The baby chain, which will lay out details of the overhaul in its results on Thursday, ditched Mr Newton-Jones as chief executive last month, with then-chairman Alan Parker having said although he had “done a good job, we think we can do even better going forward”.
Two weeks after that, Mr Parker was replaced in the chairman post by Clive Whiley. Reports suggested Mr Whiley had been a key player in pulling together a rescue deal and forming the restructuring plans.
It is thought that David Wood, the former Tesco executive who had replaced Mr Newton-Woods, will shift to another position with the group, although it was not clear what this role would be this evening.
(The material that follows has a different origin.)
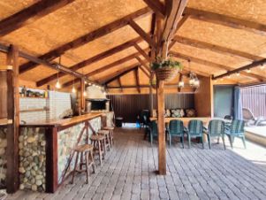 Беседка с мангальной зоной на весь срок пользования баней.Есть мангал, печь под казан, барная стойка, большой стол, теплый бассейн 3*6.
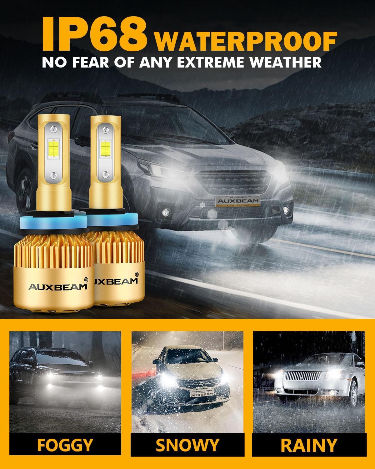400% MÁS BRILLANTE QUE EL HALÓGENO- Bombillas LED H11 de la serie S3 con haz preciso de 360° sin zona ciega, utilizan chips CSP de actualización automotriz, salida de luz con potencia de 72 W y 10 000 LM por juego, lo que proporciona una mejor visibilidad hasta 4 veces más brillante que las luces halógenas.

The latest change at the top, first reported by Sky News, will be revealed alongside details of Mothercare’s substantial restructuring, which it is undertaking in a bid to avoid becoming the latest high street name to collapse into administration.
It is expected tomorrow to announce the closure of 50 stores, as part of a company voluntary arrangement (CVA), an insolvency process which allows companies to drive down rents at certain stores and shut underperforming sites.
The shuttering of those stores could trigger hundreds of job losses, adding to the growing number of retail positions to be slashed this year. Poundworld and House of Fraser are also currently in the middle of CVAs, while stalwarts such as Toys R Us have disappeared from the high street.
Mothercare confirmed a Sunday Telegraph report earlier this week that it would be tapping shareholders for cash as part of the measures.
It has also been also working with Rothschild, the investment bank, to explore other financing options, and KPMG has been in talks over its existing debt with HSBC and Barclays.